|Aging Parent Tip Sheet
Taking proactive steps before incapacity arises can save you and your family grief and expense
by Jim Schuster, Certified Elder Law Attorney
You cannot make legal decisions for parents without their permission. If your parent suffers incapacity and has not given you authority to act then the only you can get the authority is through “living probate”. The probate court will need to hold a public hearing to decide whether your parent is legally incapacitated and if so who should be appointed as guardian or conservator. It may not be you. From that point on all of the parent’s property will be under court supervision and control. Costs may run into the thousands of dollars. That is an entirely needless loss of control, privacy and money. Elder law planning will not only avoid this fate but put you in a better position with more options to save money and retain family control.

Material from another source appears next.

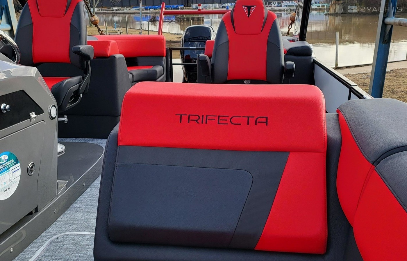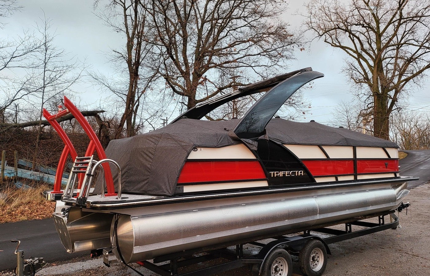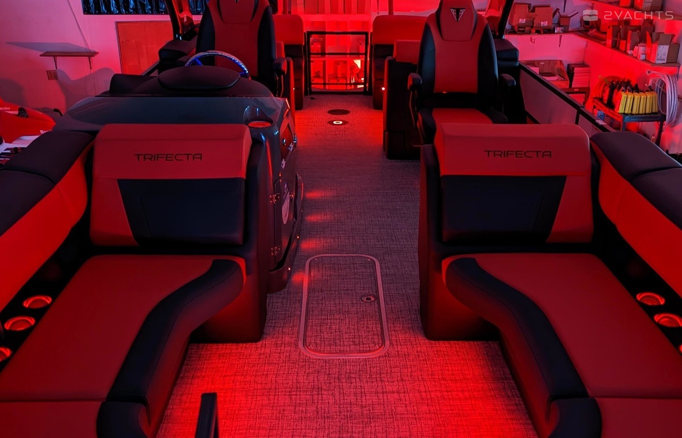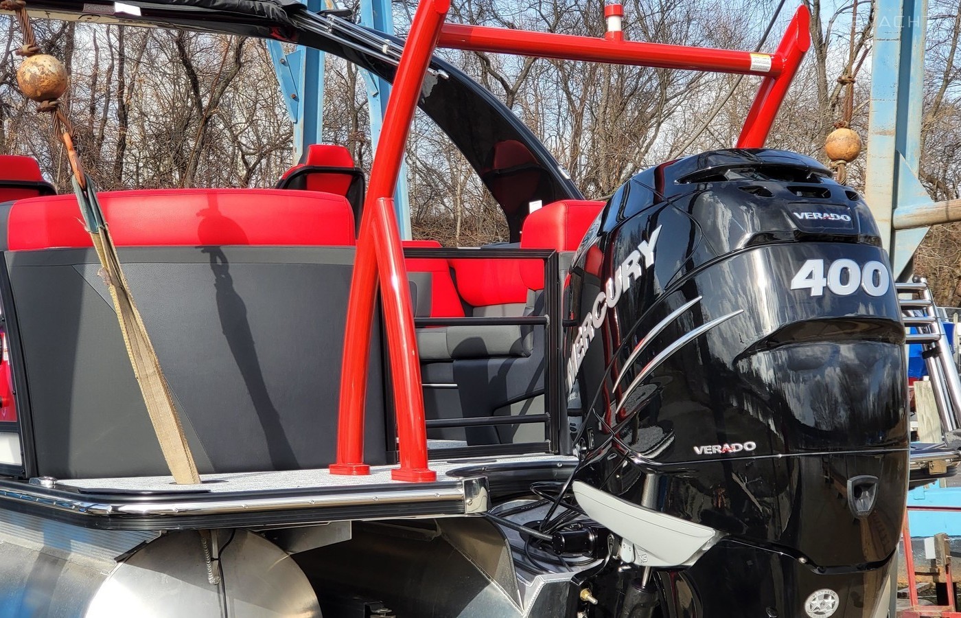 Trifecta the ultimate performance tritoon, and for a limited time with a 7 year warranty on boat and 400HP VERADO motor. Lifetime on the composite floor and tube welded structure. A spectacular red, black, and white color scheme gives this boat a show-stopping appearance that we love. This is our favorite color scheme for good reason. Nothing comes together like red, white, and black. The LED's all over the boat give it a simply awesome look at nighttime. You can choose from any color but obviously you should leave the red on at full power as often as possible. Comes with a brand new 400 HP Verado from Mercury, giving it ample power to throw you back in your seat. You will be able to feel that this is the same hull as the world's fastest production tritoon. The industry leading 3.0+ performance hull enables maximum efficiency, smooth ride through chop, and incredibly sharp cornering abilities. Driving these out on Lake Erie is our family's favorite pastime. Take a ride and see for yourself why so many people have made the switch to tritoons. Contact us today to schedule a visit &/or test drive.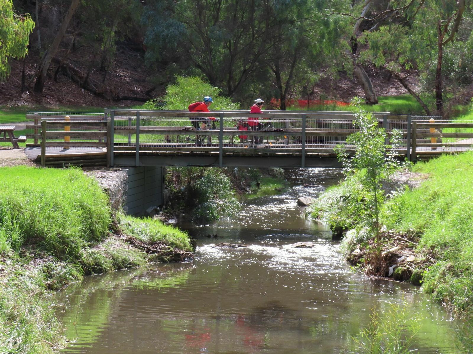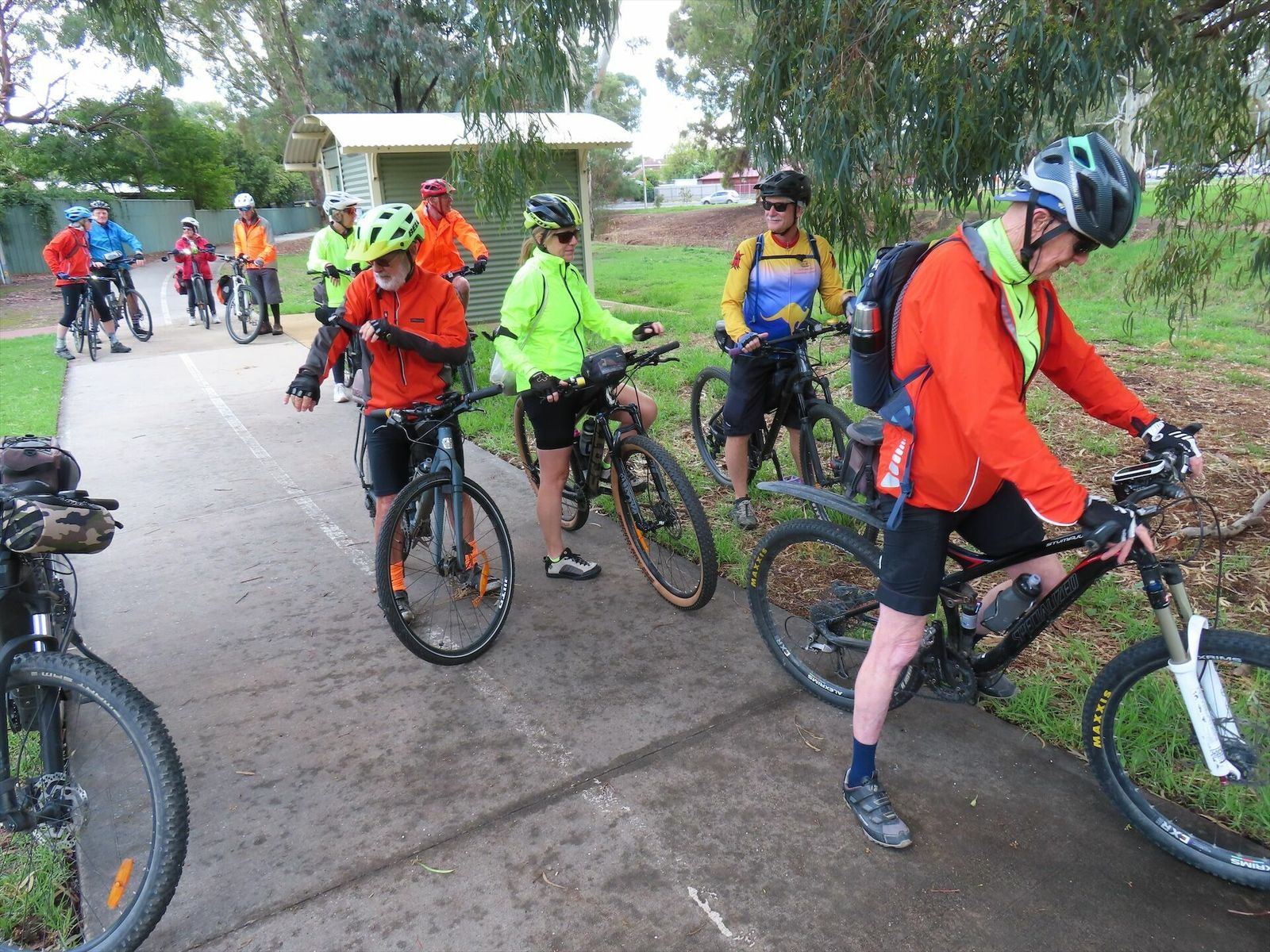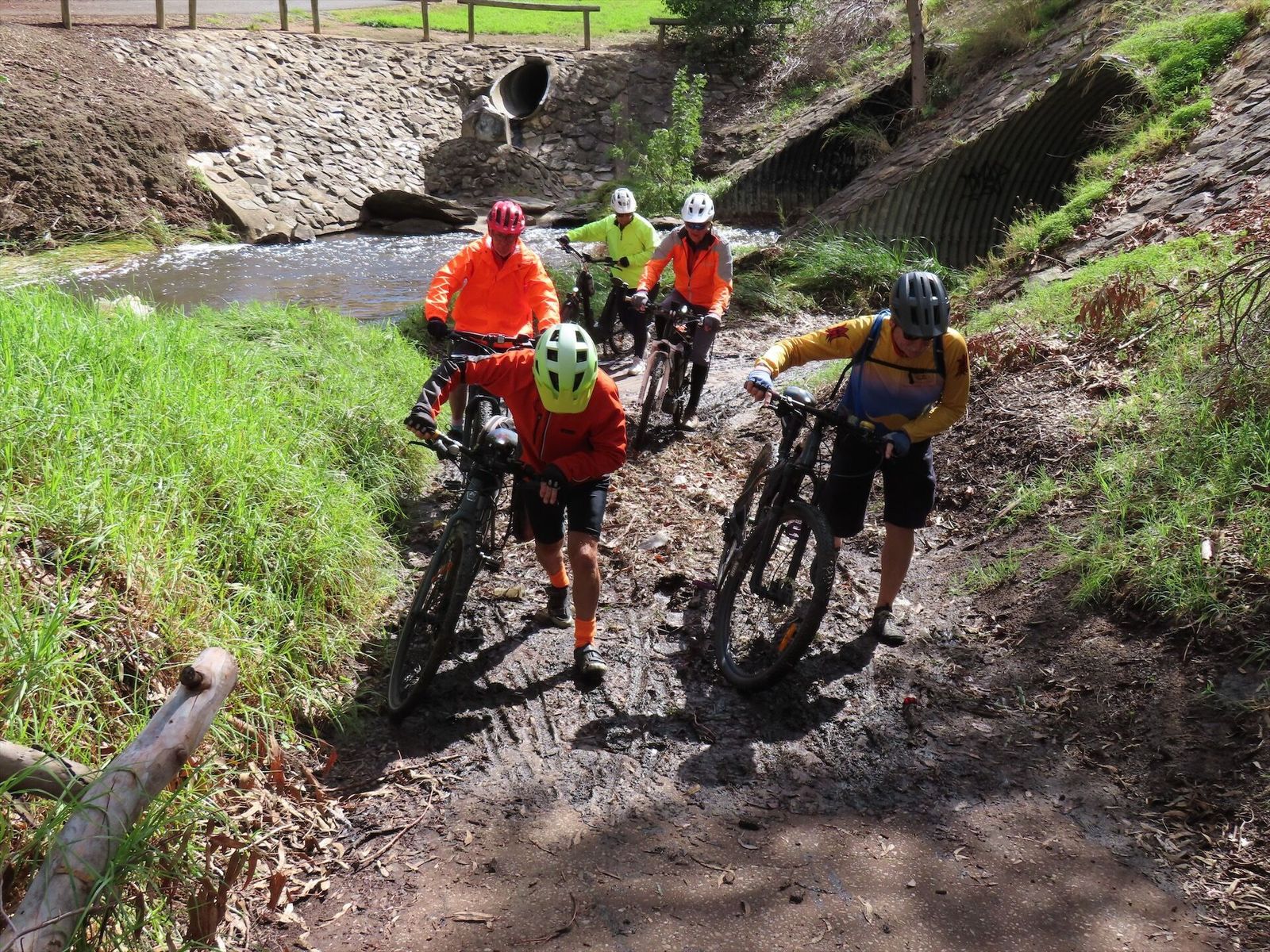 We had 12 riders today. The weather forecast was “partly cloudy”. We had some sunshine and it did not rain. However, Dry Creek was very wet and there was some mud left from recent rains.

Parents often add children to bank accounts so that the children can pay bills in case of incapacity and the account can avoid probate on death. In general joint accounts do avoid probate but can cause many problems. Being joint on a parent’s bank account merely gives authority to access the account. It does not give authority to act for a parent. For example, a child joint owner can pay a bill that the parent incurs, but the child does not have authority create the bill. For example, being joint on an account does not give the child authority to sign a contract. In addition the account can cause probate court battles if the account is not distributed according to a parent’s last Will and Testament.
Every aging person should have their affairs in order. They need to have an up to date Will, complete durable power of attorney, healthcare power of attorney and advance directive. The Will dictates how the property should be shared upon death. The healthcare power of attorney allows a patient advocate to receive confidential medical information and make decisions for the parent as patient. The advance directive designates a patient advocate gives instruction on end of life healthcare treatment decisions. In addition an estate plan may not be complete without a trust or a quit claim deed and coordination of all beneficiary designations on accounts and insurance contracts. An elder law attorney should be consulted to determine what documents will be needed to complete an elder’s estate plan.
If one picks up an article on financial elder abuse, one will read that family members are the number one abusers. Full-time caregivers may keep a parent out of a nursing home. Caregivers who forego employment to assist parents often run into serious financial difficulty. They may turn to a grateful, but incompetent, parent for financial help. Taking money from an elder under these circumstances can be a crime against a “vulnerable adult.” The law presumes that a child caring for a parent does so for free – no matter how valuable the service is. It is better to have a “caregiver contract” from the outset so that compensation is settled. The contract should identify the need for the services provided and include a record of services performed. There should be a family meeting so that all family members are “on board.” Otherwise children may hire attorneys and “fight it out in court.”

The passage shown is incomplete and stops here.